In a report discussing the Cyprus situation published early on Thursday, Credit Suisse's European Economics Team said "we expect real GDP to decline by more than 20% in the next couple of years, rendering many assumptions of the bail-out obsolete. Cypriot unemployment is likely to rise above 20%."
If the economy in Cyprus tanks to that extent, the assumptions underlying the recapitalization of its banks will be in doubt. The country's banking sector may need another large cash infusion down the line.
If Cyprus had its own currency, the country at least could take measures similar to some of the ones taken by the Federal Reserve in the U.S., on a much smaller scale, to limit economic damage.
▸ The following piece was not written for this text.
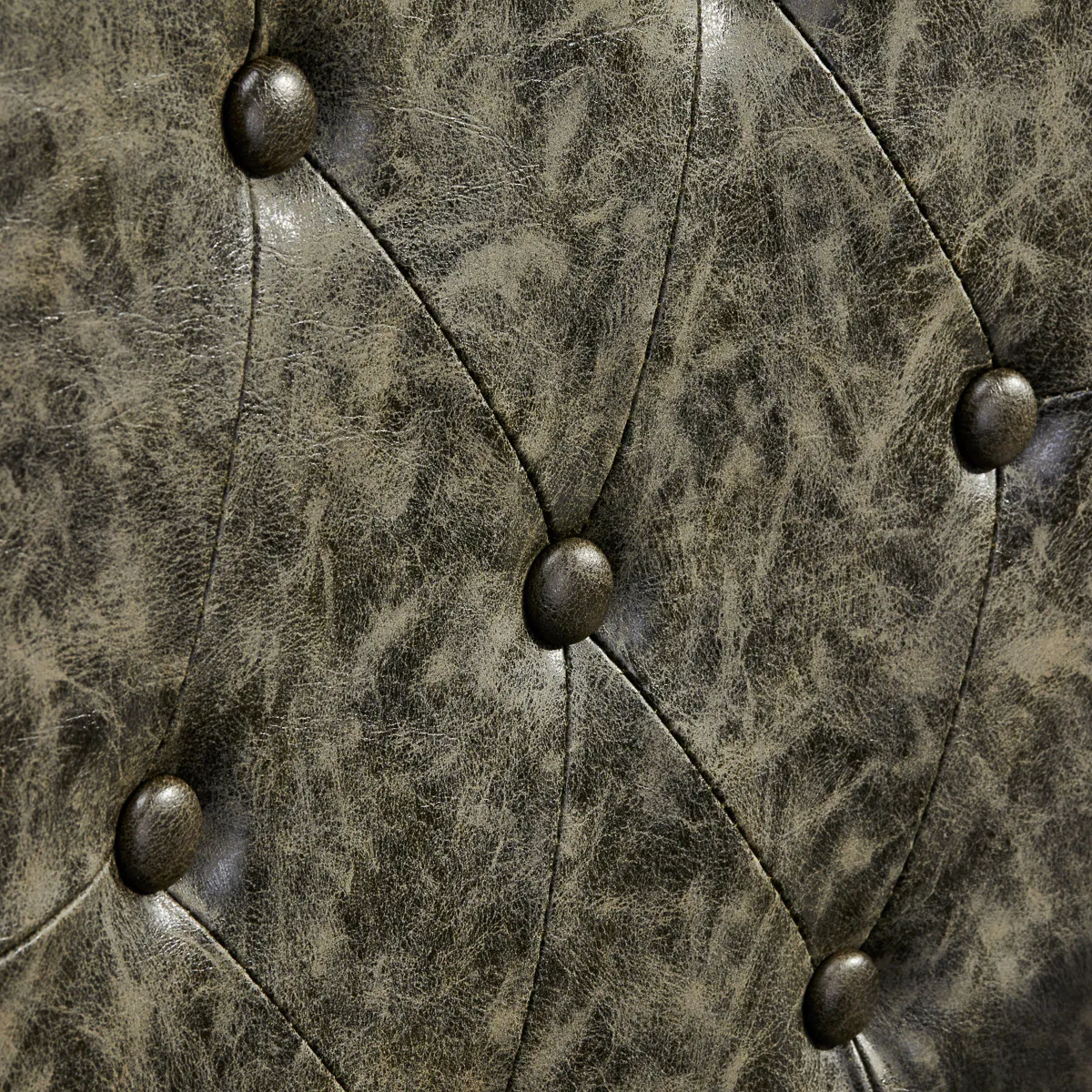 De solide constructie van de basis zorgt voor stabiliteit en hoog gebruikscomfort. De zittingvulling is gemaakt van duurzaam, vervormingsbestendig schuim en de bekleding is gemaakt van aangenaam aanvoelend synthetisch leer met een versleten, deels matte afwerking met een verouderd effect, waardoor de duurzaamheid van het meubilair en het comfortabele gebruik worden gegarandeerd voor een lange tijd. Ze maken de apparatuur ook bestand tegen vocht, duurzaam en gemakkelijk schoon te maken. De bekleding in groentinten met stiksels en decoratieve knopen geeft het geheel een uniek karakter. De stoel met een karakteristiek design, verwijzend naar de vintage stijl, past perfect bij de sfeer van kapperszaken en benadrukt hun unieke sfeer.

After securing the European bailout and the "bail-in" by the large depositors, Cyprus reopened its banks on Thursday, with a limit on withdrawals to 300 euro per day, while allowing people leaving the country only to take up to 3,000 euro in cash, in any currency. The government of Cyprus also announced that "Businesses will be able to carry out transactions up to 5.000 per day, per account and pay staff salaries. Payments and or transfers outside the Republic, via debit and or credit and or prepaid cards are permitted up to 5.000 per month, per person in each credit institution."Those are very strict capital controls, and will no doubt severely curtail economic activity in Cyprus. Just imagine how difficult it will be for some businesses to operate, when they can only make transactions of up to 5,000 euro per day.